Niestety przegraliśmy ten mecz. Sam punkt bonusowy cieszy nas. Mamy teraz kolejny mecz u siebie z Unią Leszno. Na pewno będzie to dla nas ważny mecz, jak każdy inny, ale dużo nam powie. Mam nadzieję, że wszystko się poukłada po naszej myśli — komentuje Piotr Pawlicki.

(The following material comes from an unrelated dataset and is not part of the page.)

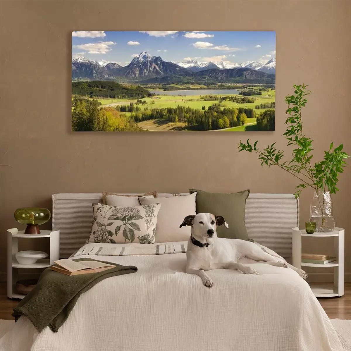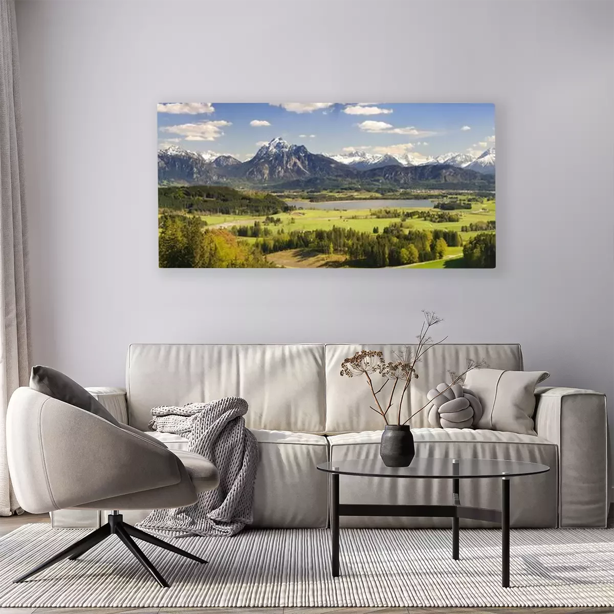 Bergpanorama met velden en de AlpenProbleemloze bezorging verzorgd door vertrouwde vervoerders

Słaby początek spotkania zanotował młodszy z braci Pawlickich — Piotr, który rozpoczął od zerówki i wykluczenia. Później jednak było już zdecydowanie lepiej, co finalnie dało Polakowi dziesięć oczek w spotkania i co najważniejsze zwycięstwo w 14. gonitwie, które jak się później okazało, w dużej mierze przyczyniło się do zgarnięcia punktu bonusowego. Warto przypomnieć, że duet braci przywiózł w stosunku 5:1 Lidseya i Tarasenko, przez co zielonogórzanie przegrywali już tylko dwoma punktami.

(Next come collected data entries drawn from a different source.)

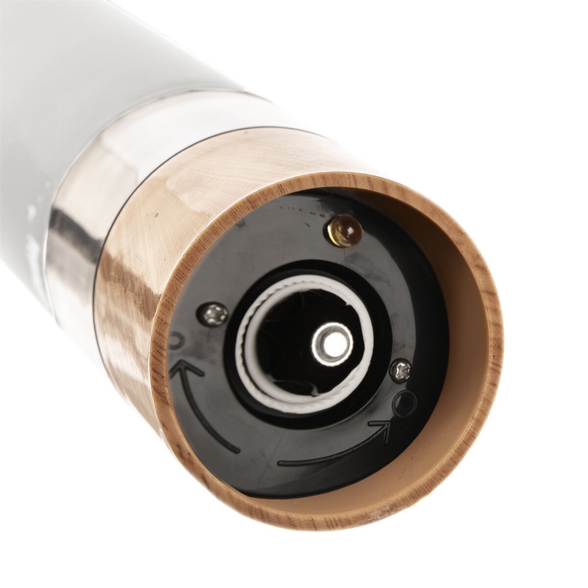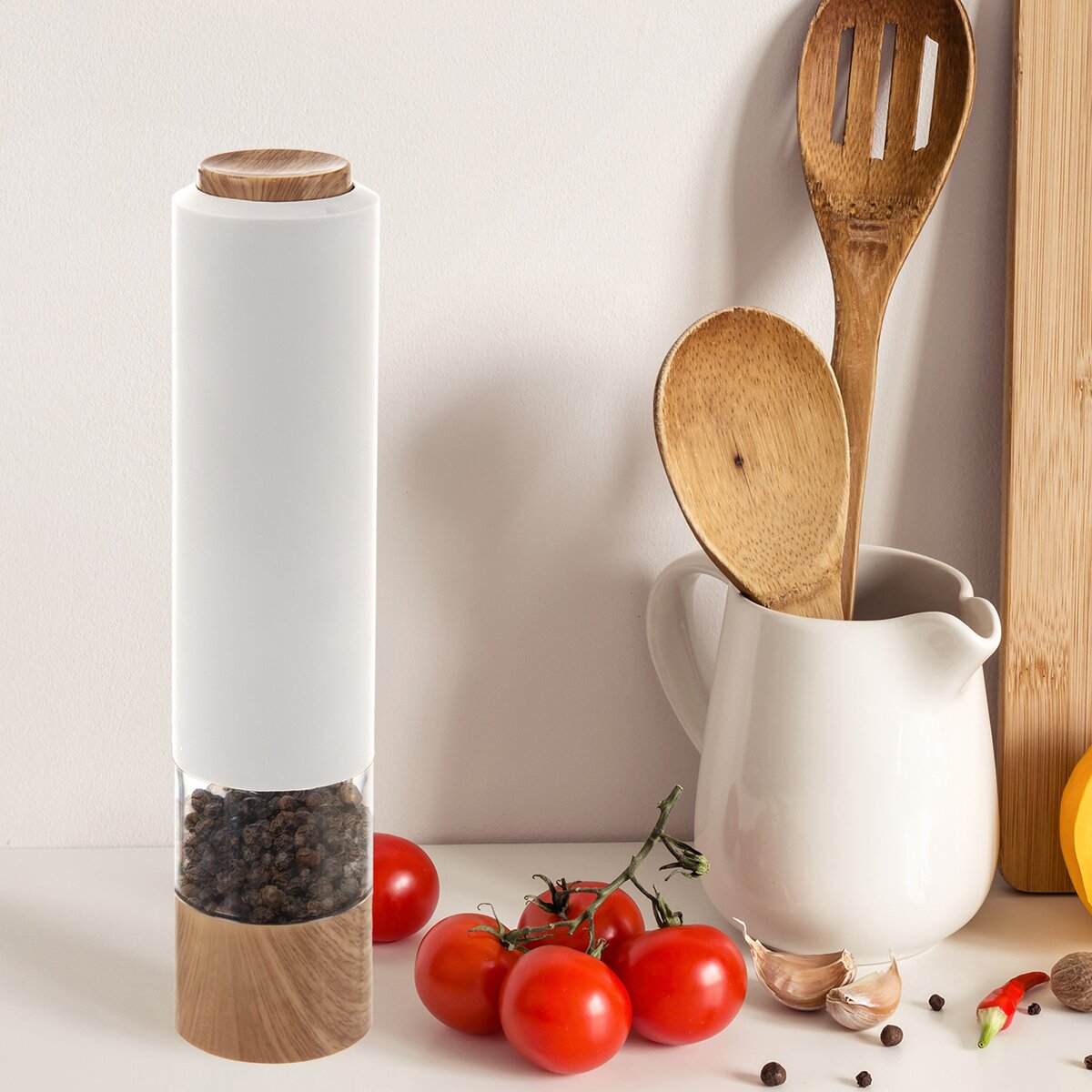 Kód produktu 130232Elegantný elektrický mlynček na korenie v kombinácii bielej farby a plastových prvkov v imitácii dreva. Je napájaný 1,5 V AA batériami a určený na dochutenie pokrmov soľou, čiernym korením alebo iným korením. Má keramický mlecí mechanizmus a LED osvetlenie.
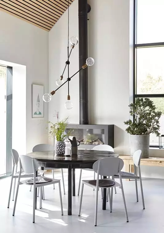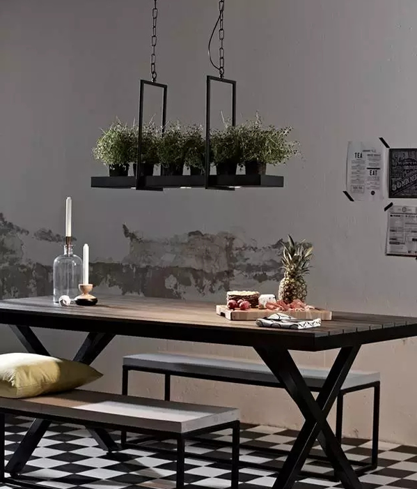 ▲植物托盘和灯集中在一起,餐桌上方永远都能有绿植相伴。硬朗的线条,见棱见角的细节,搭配的餐桌款式也不能太柔弱。
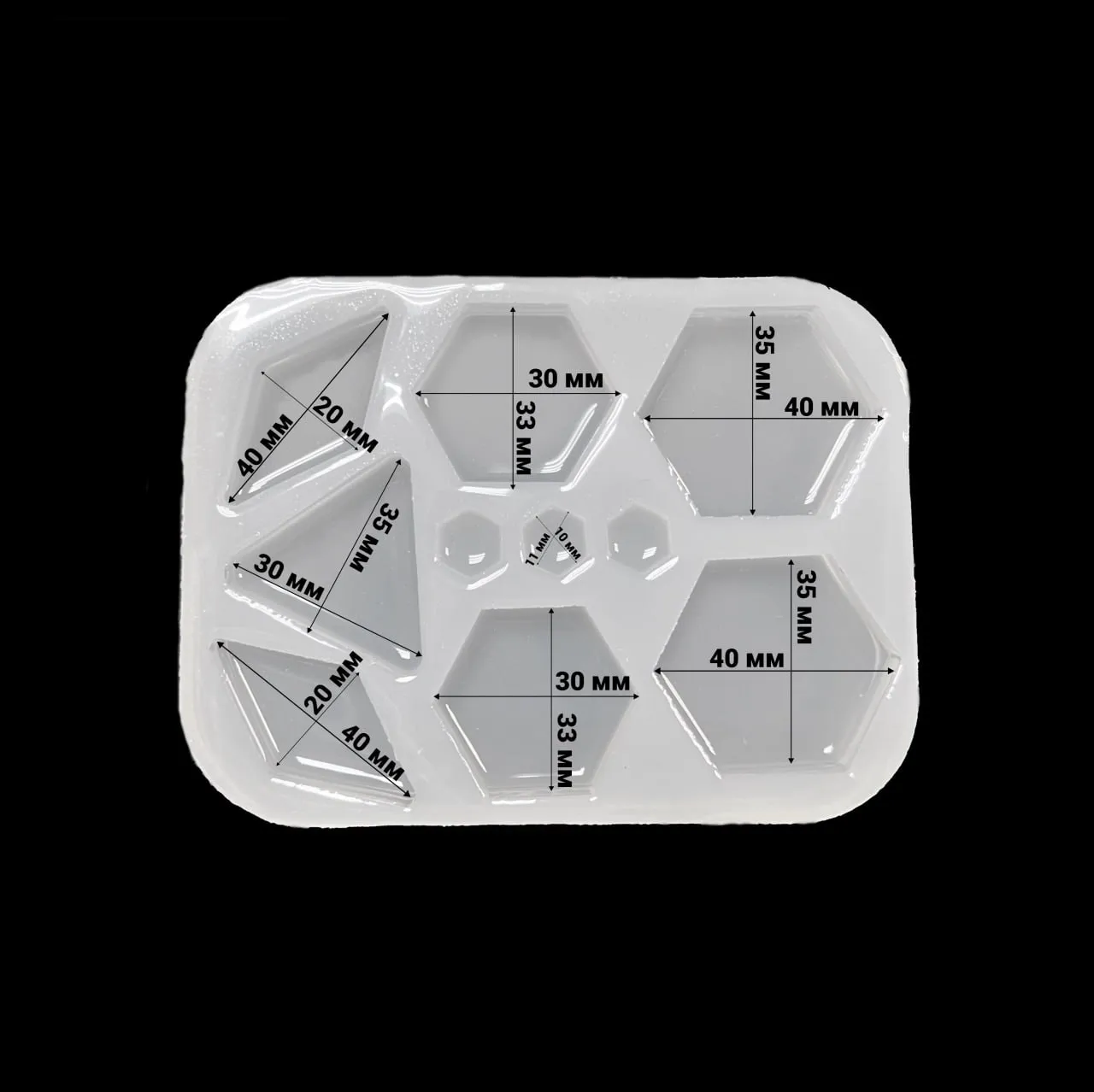 Молд силиконовый "Набор шестиугольников и треугольников" (молд с линзой)
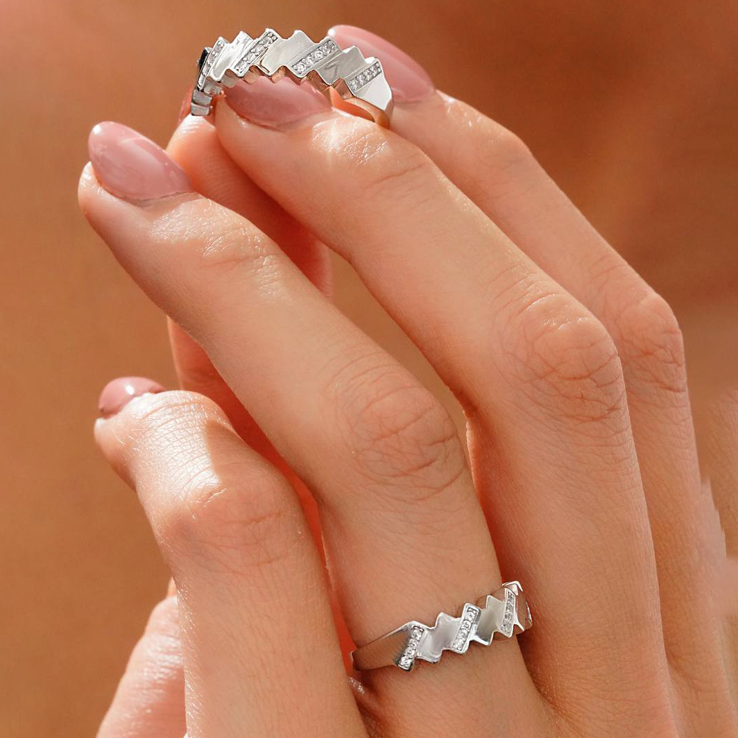 در جهانی پر از طرح‌های تکراری، حلقه نقره‌ای زاویه‌دار، نمادی از جسارت و نوآوری است. این حلقه با طراحی منحصر به فرد، همانند استایل خاص شما می‌درخشد و توجه هر فردی را به خود جلب می‌کند. در مهمانی، یک نگاه به دستان شما کافی‌ است تا طنین خاص این طراحی مبتکرانه، گفت‌وگوها را نو کند. با استفاده از این حلقه، نه تنها جواهری زیبا دارید، درخشندگی سنگ‌های زینتی، همراهی استثنایی برای جلوه بی‌بدیل نفیسی‌است که در دستان شما قرار دارد.

Początek zawodów zacząłem źle. Później miałem wykluczenie. Jak już miałem dobrze przełożenie to miałem bieg po biegu i nie zdążyliśmy dobrze schłodzić motocyklu, bo nie było na to czasu. Tak naprawdę na bieg czternasty nic nie zmieniałem. Po prostu dobrze schłodziliśmy silnik i po raz kolejny wygrałem. Jak jest bieg po biegu, to nie mamy czasu, aby ten silnik odpoczął. Nie było bardzo gorąco, ale silnik i tak bardzo mocno dostaje, odczuwa zmęczenie. Myślę, że zabrakło właśnie tego schłodzenia, przez co motocykl nie działał tak, jak powinien. Nie była to równa jazda — dodaje.
Dołącz do nas na Facebooku – kliknij TUTAJ
- Żużel. Unia Tarnów wzmacnia się na sezon 2025!
- Żużel. Wielki powrót do Gniezna
- Żużel. Przeszedł operacje u światowej klasy lekarza! Ma nie czuć już bólu!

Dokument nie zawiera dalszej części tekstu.